In order to more clearly illustrate the embodiments of the present application or the technical solutions in the prior art, the drawings needed to be used in the description of the embodiments or the prior art will be briefly introduced below, it is obvious that the drawings in the following description are only embodiments of the present application, and for those skilled in the art, other drawings can be obtained according to the provided drawings without creative efforts.

FIG. 1 is a schematic flow chart of a method for aligning nucleic acid sequences according to an embodiment of the present disclosure;

FIG. 2 is a schematic flow chart of another method for aligning nucleic acid sequences according to the present disclosure;

FIG. 3 is a diagram illustrating an example of an alignment scenario for nucleic acid sequences provided in an embodiment of the present application;

FIG. 4 is a schematic diagram of a nucleic acid sequence alignment apparatus disclosed in the examples of the present application;

FIG. 5 is a block diagram of a hardware configuration of a nucleic acid sequence alignment apparatus disclosed in an embodiment of the present application.

Detailed Description

The technical solutions in the embodiments of the present application will be clearly and completely described below with reference to the drawings in the embodiments of the present application, and it is obvious that the described embodiments are only a part of the embodiments of the present application, and not all of the embodiments. All other embodiments obtained by a person of ordinary skill in the art based on the embodiments in the present application without making any creative effort belong to the protection scope of the present application.

Referring to fig. 1, fig. 1 is a schematic flow chart of a method for aligning nucleic acid sequences provided in an embodiment of the present application, the method comprising:

step S100: obtaining a nucleic acid to be detected, wherein the nucleic acid to be detected comprises a plurality of short sequences to be detected.

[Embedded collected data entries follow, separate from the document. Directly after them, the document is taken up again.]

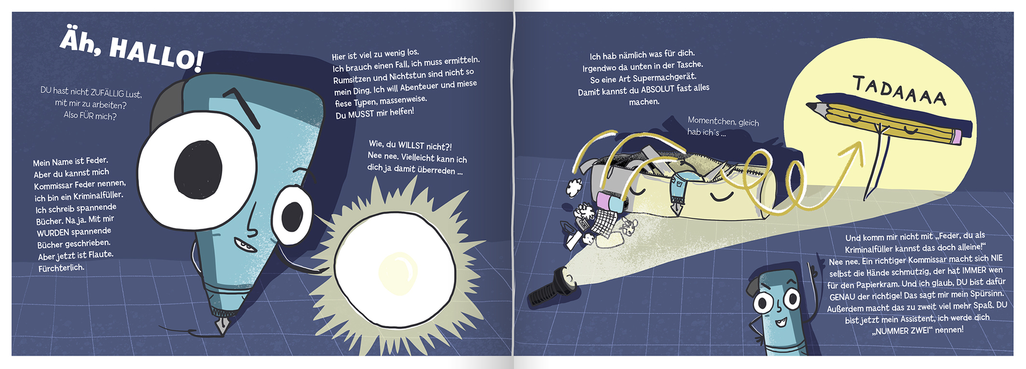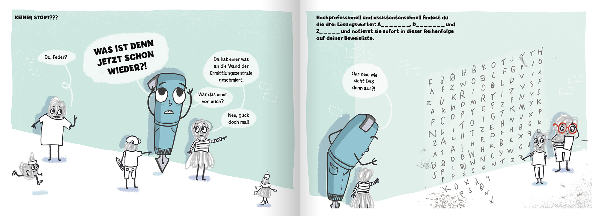Hier spricht Kommissar Feder, der Kriminalfüller, und ich suche DICH! Du liebst spannende Abenteuer, Rätsel und Kritzeln? Maximal genial! Bewaffne dich mit einem Stift und werde meine Nummer zwei. Denn ein übler Schurke treibt sein Unwesen. Er ist ein Meister im Fallenstellen und hinterlässt überall seine Spuren. Den schnappen wir uns, bevor noch etwas Schlimmes passiert – oh nein! Zu spät! Hier ist ein riesiger Tatort! Nummer zwei, mach dich bereit für ein wildes Krimi-Abenteuer!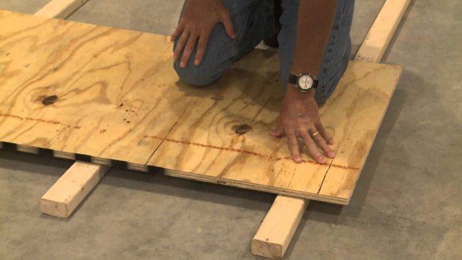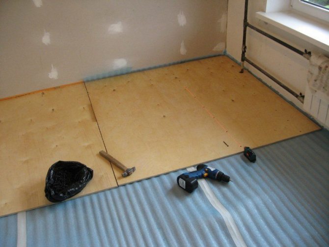 - sur une chape en béton - du contreplaqué d'une épaisseur de 12 mm est utilisé;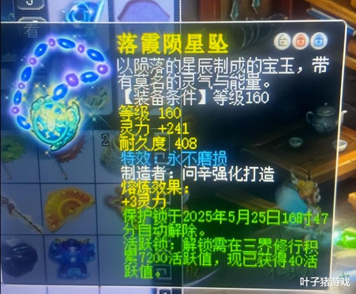 前不久,有位玩家仅仅鉴定一条160级项链,怎料运气爆棚逆袭了不磨特效。属性方面也特别给力,原始灵力达到241,后续还能通过熔炼提升约17点灵力。这非常适合神木、魔花果、魔王等法系门派,刷任务嘎嘎省珍珠钱。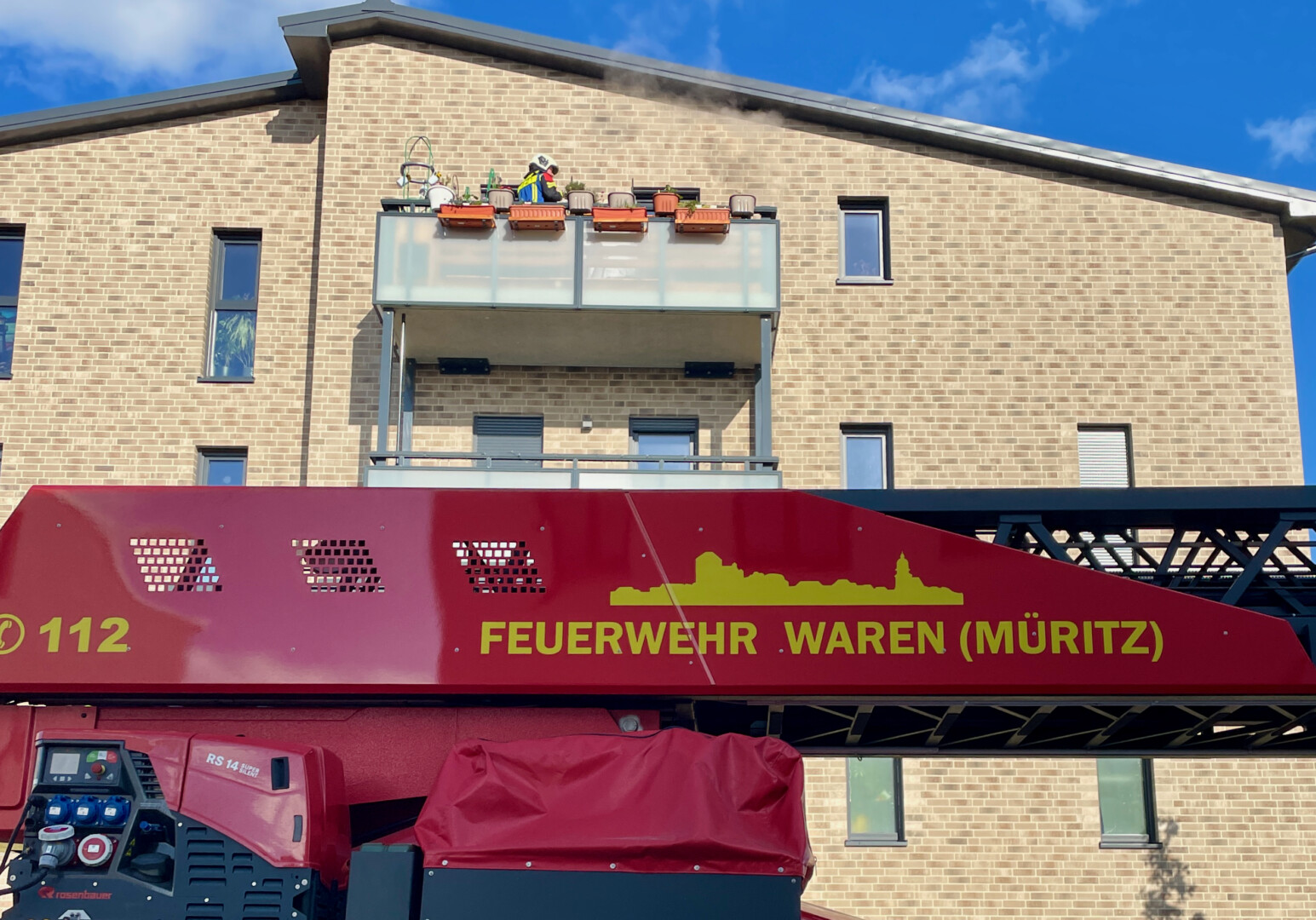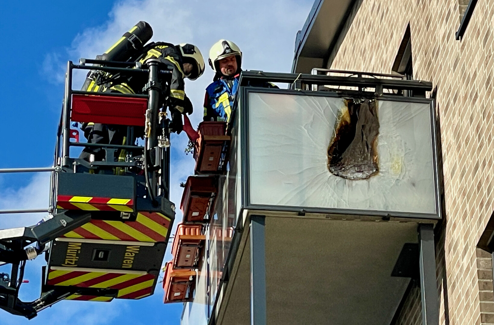Anscheinend wollte man der angekündigten Kälte vorbeugen. In dem kleinen Balkongarten befand sich laut Polizei auch Torf, und der gilt als leicht entzündlich. So nahm das Unheil seinen Lauf. Ein Feuerwehrmann, der privat in der Nähe war, eilte sofort zum Ort des Geschehens und hatte Glück, dass gerade jemand mit Schlüssel kam. So konnte er schon mal mit dem Bekämpfen des Brandes beginnen, ehe seine Kameraden der Warener Feuerwehr eintrafen.
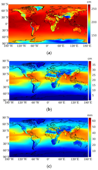The HGPT2 uses the Saastamoinen wet model (Equation (8)) to obtain the ZWD, and the ZTD is the sum of the two components, the ZWD and the ZHD (calculated using the Saastamoinen hydrostatic model [8]). Figure 4a,b shows an example of the ZTD and ZWD calculated for 1 August 2020, 12:00 UTC. As expected, the ZTD decreases with altitude (lower surface pressure), showing smaller values in mountain regions and higher values at sea level, namely along the equatorial region, due to the presence of high levels of water vapor (Figure 4a). Figure 4b also reflects that ZWD tends to decrease as the latitude increases, since the ZWD depends significantly on the temperature and water vapor pressure. The ZWD quantity can be easily converted to PWV using a constant of proportionality () and interpreted as the height (length units) of an equivalent column of liquid water that would result if the water vapor were condensed (Figure 4c). The atmospheric water vapor has an active role in dynamic processes that shape the atmosphere’s global circulation, and its simulation is challenging due to its high variability in time and space. In the HGPT2, the PWV is calculated based on Equation (9), that uses meteorological surface variables, estimated from different periodicities, to obtain the ZWD and .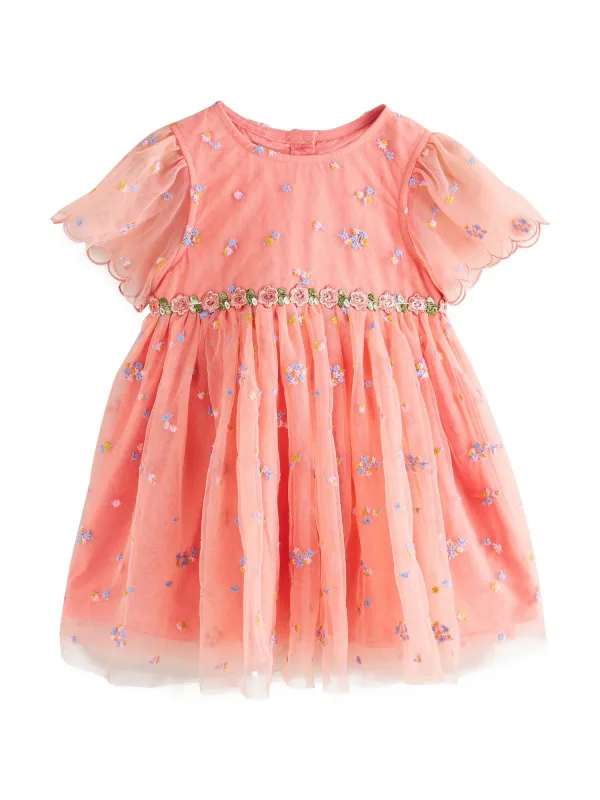 Design: Met onderjurk; Type sluiting: Knoopsluiting; Materiaal: Tule; Halstype: Ronde hals; Motief: Bloemenprint; Details: Borduursels, Gedrapeerd; Extra's: Applicaties; Lengte: Knielengte; Pasvorm: Wijde pasvorm; Armlengte: Kwartmouw

Specifically, a plurality of short sequences to be detected of the nucleic acid to be detected may be from the same ordered genome, wherein each short sequence to be detected may be a short sequence randomly derived from a certain position in the original genome, i.e., the relationship between the front and back sequence positions of each short sequence to be detected may be in a lost state.

Step S110: and determining a reference genome corresponding to the nucleic acid to be detected, wherein the reference genome comprises a plurality of reference short sequences.

Specifically, the reference genome corresponding to the nucleic acid to be detected can be arbitrarily specified by a worker in gene sequencing, and the relationship between the front and back sequence positions of each reference short sequence of the reference genome can be clear and definite.

Step S120: determining whether the allocated video memory block exists in the reference genome, if so, performing step S130.

In particular, the video memory block may be a partial video memory of the graphics processor, which may be used to load the respective reference short sequences of the reference genome.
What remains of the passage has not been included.